Vowing to shake up the status quo in Springfield and reject “the politics of mediocrity and corruption,” Rod R. Blagojevich was sworn in as Illinois’ 40th governor Monday as he warned “tough choices” were ahead to resolve a nearly $5 billion budget deficit inherited from George Ryan.
But one of his first decisions in office was easy. Blagojevich faxed a pink slip to Scott Fawell, a former chief of staff and campaign manager to Ryan. Fawell was on paid leave from his $195,000-a-year job as chief executive officer of the Metropolitan Pier and Exposition Authority pending a trial now under way on federal corruption charges.
Quickly shedding himself of one Ryan appointee, Blagojevich on Tuesday also is expected to address the issue of dozens of the former Republican governor’s allies whom Ryan packed into politically protected jobs in the new administration. Blagojevich’s move is aimed at setting a reform theme for his new Democratic administration.
In taking the oath of office just minutes after noon, Blagojevich became the first Democrat to hold the office after 26 years of uninterrupted Republican rule. His inauguration made complete a dramatic reshaping of Illinois’ political landscape in which Democrats now control the executive, legislative and judicial branches of government.
But the inauguration of Democrats to five of the six statewide offices also creates a new intra-party dynamic of potentially competing interests.
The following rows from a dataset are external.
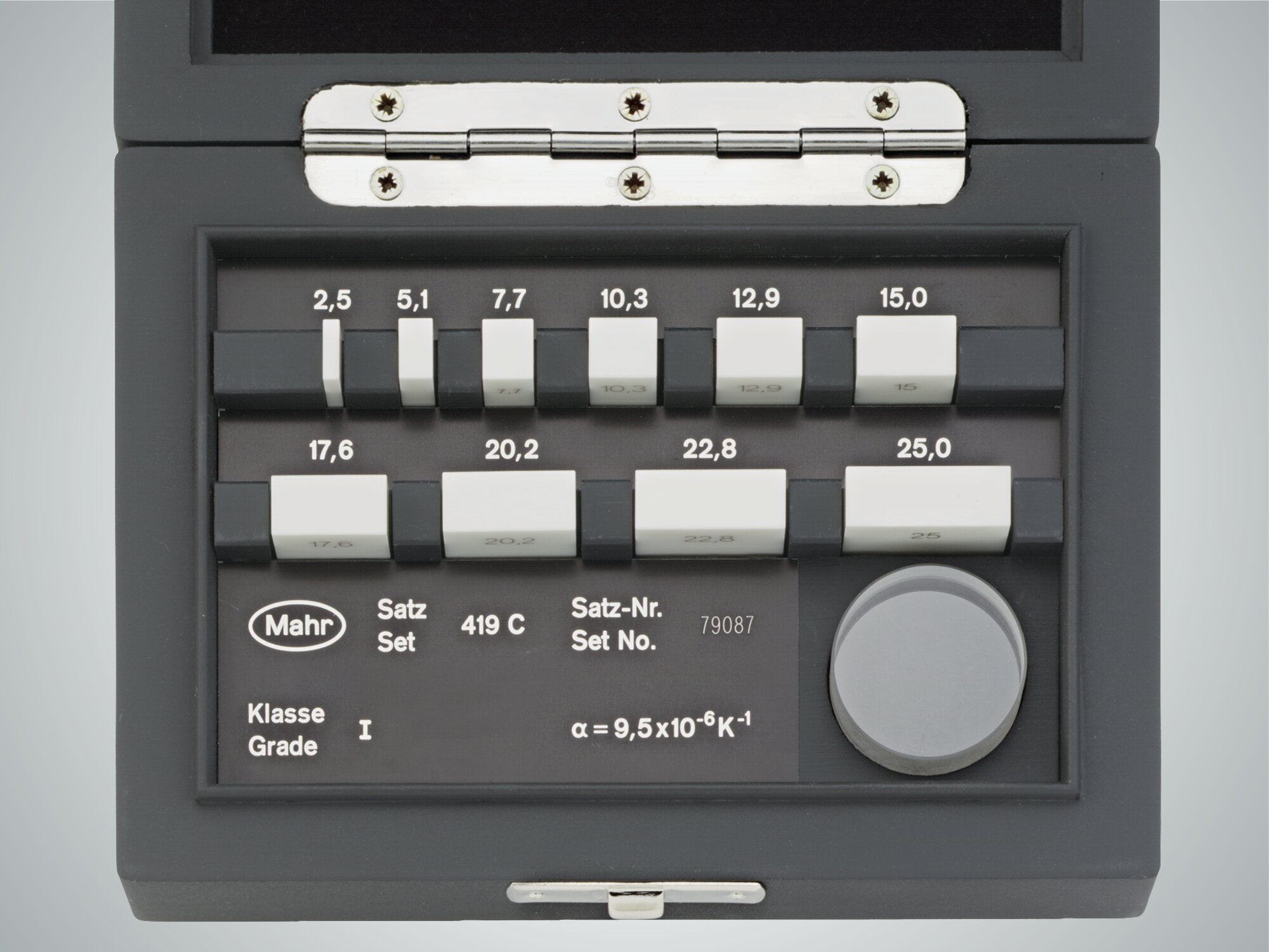419 C Sada keramických koncových měrek|10 Pieces|Stupeň přesnosti: 1|DIN EN ISO 3650|Dřevěné pouzdro s přehlednými popiskami, Kalibrační certifikát Mahr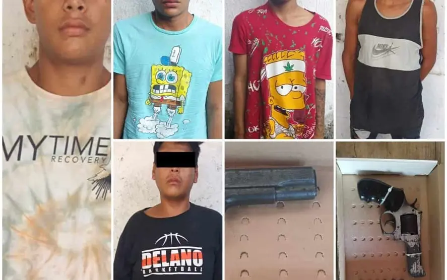 En el lugar conocido como “La Arrocera”, elementos de la Policía Estatal Preventiva y Policía Estatal Fronteriza detuvieron a Rodolfo “N”, Marco Antonio “N”, ambos de 20 años, así como a Jonathan Joaquín “N”, José Ángel “N”, de 18 años y Kevin Rolando “N” de 19 años, a quienes se les aseguró dos armas de fuego y 11 cartuchos útiles.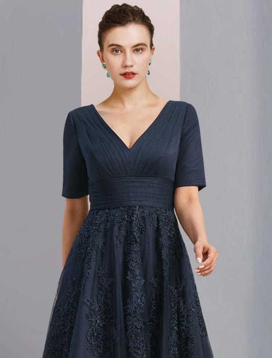 A-Line Mother of the Bride Dress Formal Wedding Guest Elegant Vintage V Neck Ankle Length Chiffon Lace Short Sleeve with Pleats Ruched Appliques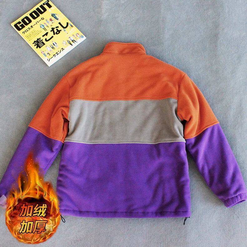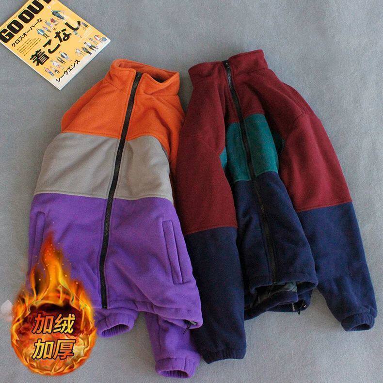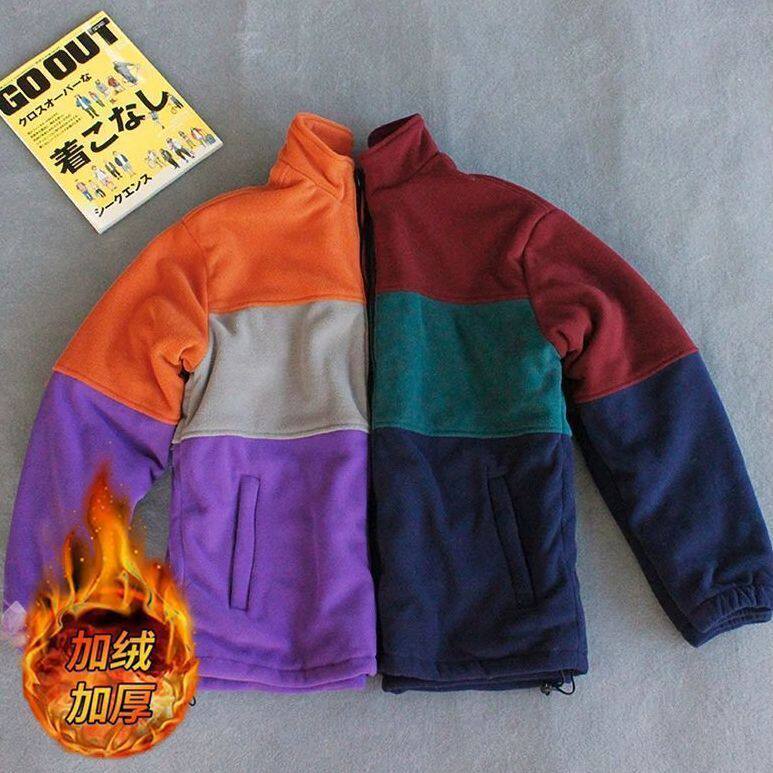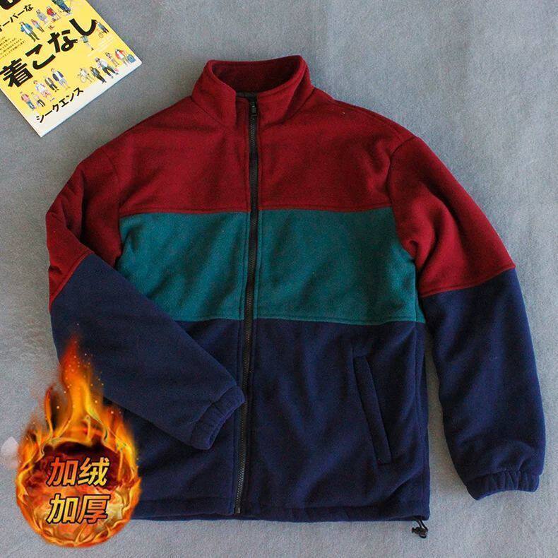 European Polar Fleece Jacket for Men and Women 2025 Winter Warm Casual Retro Contrast Color Stitching Large Size Jacket Top

Along with Blagojevich, new Atty. Gen. Lisa Madigan, the daughter of powerful House Speaker Michael Madigan, and Comptroller Daniel Hynes, serving his second term, are looking for ways to advance their political careers.
Blagojevich blasted “a system of corruption that has become too commonplace, too accepted and too entrenched.” Labeling the state’s fiscal calamity a “moment of crisis,” he said his administration will “meet our challenges head-on and we will do it by rejecting the politics of mediocrity and corruption.”
“You voted for change,” Blagojevich said. “I intend to deliver it.”